- Born: November 3, 1938 Exeter, New Hampshire, U.S.
- Died: August 23, 2007 (aged 68) Durham, North Carolina, U.S.
- Education: University of New Hampshire University of California, Berkeley (PhD)
- Occupation: Historian
- Spouse: Ann Berry ​(m. 1961)​
- Children: 2

= John F. Richards =

American historian (1938–2007)

John F. Richards (November 3, 1938 – August 23, 2007) was a historian of South Asia and in particular of the Mughal Empire. He was professor of history at Duke University in North Carolina, and a recipient in 2007 of the Distinguished Contributions to Asian Studies Award. He participated in and encouraged a multi-disciplinary, multi-regional approach to studies.

== Life ==
John Richards was born on November 3, 1938, in Exeter, New Hampshire. His parents, Frank F. Richards and Ella Higgins Richards, subsequently had two more children.

Richards graduated from the University of New Hampshire as valedictorian in 1961 and on the same day he married his high school sweetheart, Ann Berry. The couple moved to California and, in 1968, to Madison when he received an appointment at the University of Wisconsin. He was awarded a PhD in history by the University of California, Berkeley, in 1970. His thesis, later published at Mughal Administration in Golconda (1975), was written under the direction of Thomas R. Metcalf. This established him as "one of the leading historians of the Mughal Empire in the United States", according to David Gilmartin, and he went on to write a volume of The New Cambridge History of India titled The Mughal Empire (1993).

Other works by Richards on the Mughal period include The Imperial Monetary System of Mughal India (1987) and Kingship and Authority in South Asia (1998). The impact of the Mughal empire on world events caused him to consider the Mughals to be an "early modern" empire, rather than the medieval one that most commentators believed it to be. It was this belief that led him into studies of world trade and state finances, as well as early modern world environmental history. In 2003, he published The Unending Frontier: Environmental History of the Early Modern World (2003).

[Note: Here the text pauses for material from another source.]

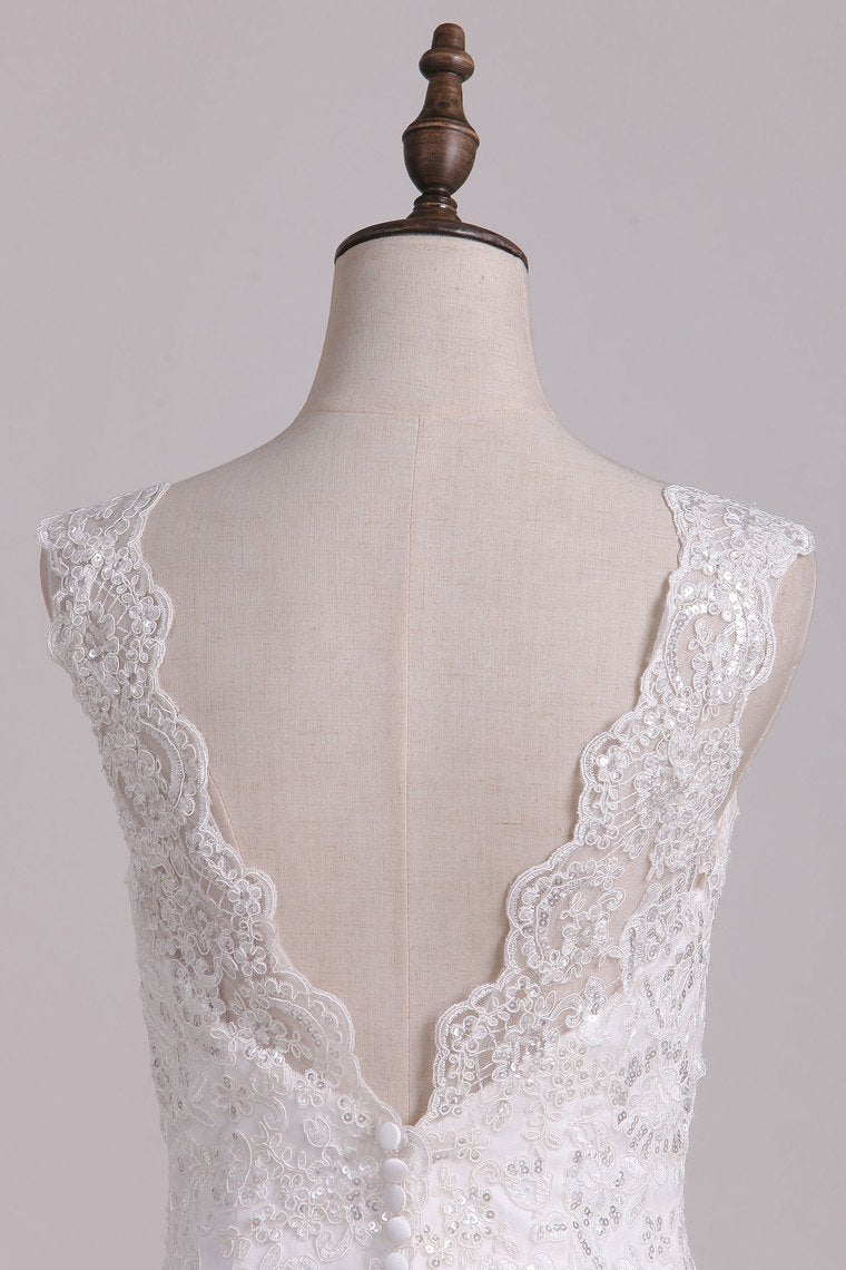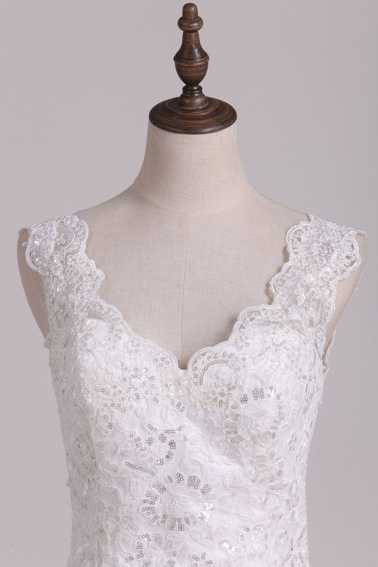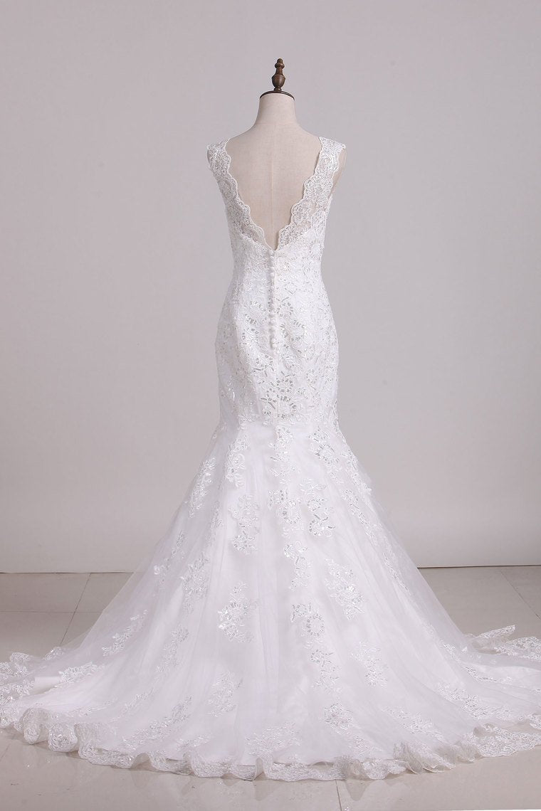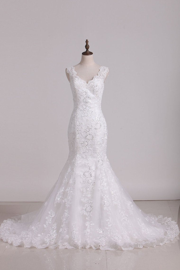 2024 Wedding Dress V Neck With Applique Mermaid/Trumpet Tulle Chapel Train

Richards had worked at Duke University since 1977. He was heavily involved with administration of the Council of American Overseas Research Centers and in reforming the troubled American Institute of Pakistan Studies. He was also in the vanguard of establishing the American Institute of Afghanistan Studies, the first meeting of which took place at Duke University in 2003 and of which he was the founding president.

Richards died of cancer at home in Durham, North Carolina, on August 23, 2007, days before he was due to retire. He had two children.

A festschrift titled Expanding Frontiers in South Asian and World History: Essays in Honour of John F. Richards was published in 2013, edited by Richard M. Eaton, Munis D. Faruqui, Gilmartin and Sunil Kumar.

In 2011, the American Historical Association inaugurated a prize named in his honor. This is awarded for the best book on South Asian history published during each year.